The first thought is that everything must be very precisely measured and the recipes must be followed to the letter.
The second thought is that ingredients from different companies will have different strengths and the quantities may have to be adjusted, especially if the recipe doesn't specify a specific brand.
Both of these statements are true and come into play depending on what you are trying to accomplish.
However, this is nothing new since both of these statements are true for traditional cooking as well. Unbleached flour from King Arthur will thicken gravy, make cakes, and form pie crusts differently than Gold Medal unbleached flour, much less their Gold Medal cake flour. A recipe calling for a "large tomato" leaves a lot of room for what size that actually is.
As home cooks we have learned to live with those differences and accept that our dish might not turn out exactly the same as the dish from the recipe, and no one will notice. For chefs, however, reproducing the exact same dish is of the utmost importance so these nuances really come into play.

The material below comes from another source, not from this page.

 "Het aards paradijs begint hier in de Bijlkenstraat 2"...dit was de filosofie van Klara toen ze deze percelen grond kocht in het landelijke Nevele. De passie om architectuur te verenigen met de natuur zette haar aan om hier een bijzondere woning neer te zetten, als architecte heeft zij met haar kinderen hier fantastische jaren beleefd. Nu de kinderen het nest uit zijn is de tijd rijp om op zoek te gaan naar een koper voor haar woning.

I think because modernist cooking is mainly being practiced in restaurants by talented chefs there has been an emphasis on exact measurements that is very intimidating to the home cook. While the exactness is required in restaurant kitchens, home cooks can afford to be much looser.

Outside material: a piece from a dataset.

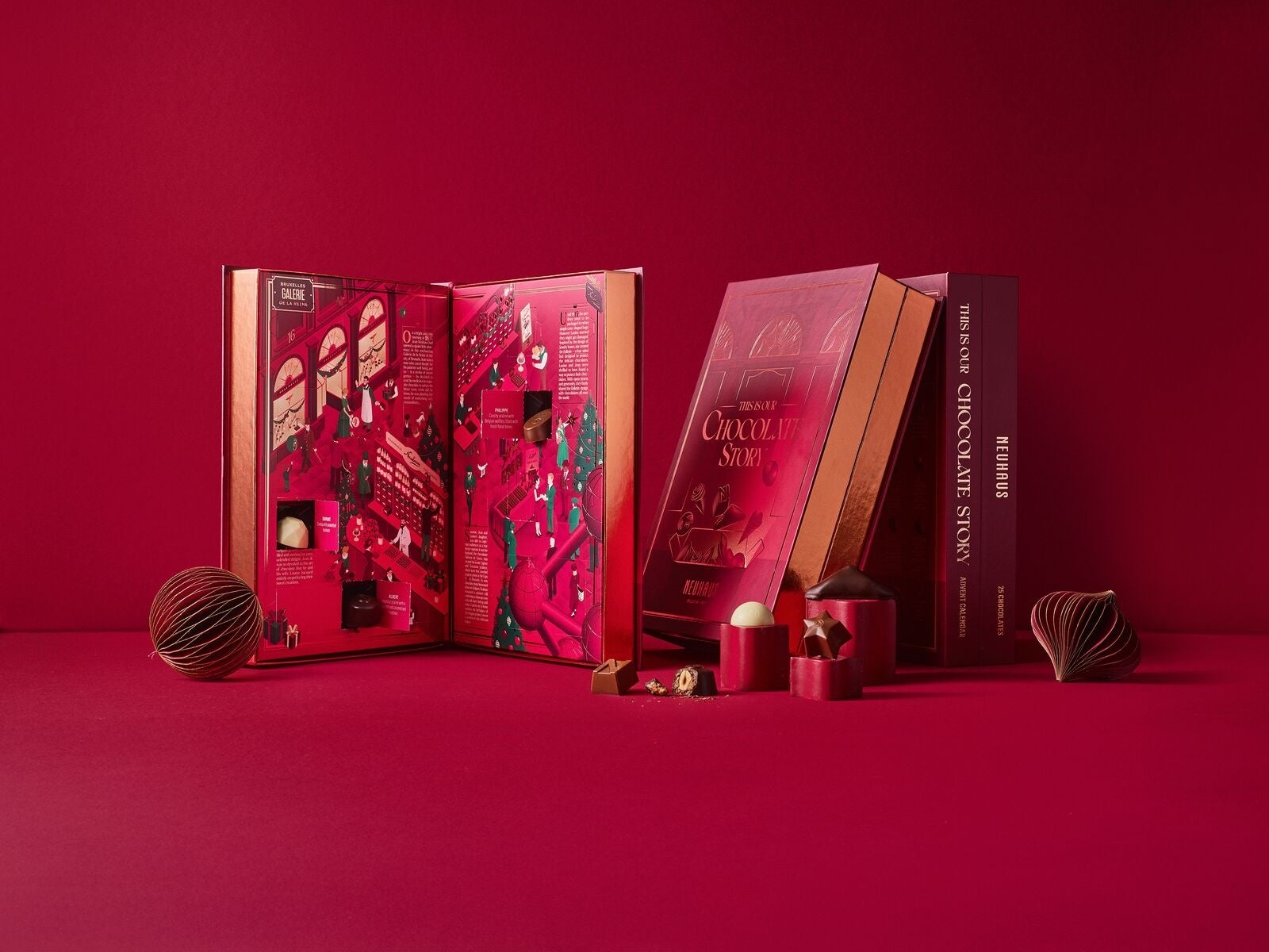 ギャラリー・デ・ラ・レーヌの薬局から「カプリス」誕生の瞬間まで、ノイハウスの物語を、4つのシーンで描いたブック型アドベントカレンダーです。重厚感のある装丁と美しいイラストが、開くたびに心をときめかせます。チョコレートとともに、歴史を辿りながらクリスマスを待ち望む特別な一冊です。

Yes, you probably need a scale to measure grams, but this is mainly because the quantities are so small. I could adapt the recipes to call for 1/32 of a teaspoon, but most home cooks wouldn't have one. This makes measuring by weight much more effective and practical.
Also, since the ingredients interact with the particles in each other, the volume begins to become less important than the mass, expressed by weight.
Many of the ingredients are also powders and can have very different volumes based on how they have been stored. Michael Ruhlman pointed out that a cup of flour can weigh between 4 and 6 ounces, a 50% difference, depending on how packed it is. Even the humidity can affect the weight of flour and other powders.
All of these reasons highlight why we use scales and weight measurements instead of volume measurements. Plus, there's no measuring cups to clean!
Remember though, just because you have precision at your fingertips doesn't mean you have to obsess over it. All of the recipes provide gram measurements for most ingredients, but use common sense when measuring them. If you are within 1-2% of the correct weight of any ingredient then it should be fine. For 500 grams of water, about 2 cups, that is a 5 to 10 gram difference. For 3.2 grams of agar that is a 0.03 to 0.06 gram swing.
To someone not familiar with using a scale it can be a little intimidating until you use it once or twice. The main concept of using the scale is learning to "tare" or "zero" the scale. All digital scales will have a "tare" / "zero" button. What this does is reset the weight to zero.
This allows you to measure all the ingredients in the same bowl. You simply turn on the scale and place the bowl on it. Hit the tare button so it resets to zero. Add the next ingredient, then tare it to zero again. Repeat for all the ingredients.
You will most likely have to use a larger scale for the liquids or main ingredients and a gram scale for the modernist ingredients.
I hope this helps out. Thanks and happy cooking!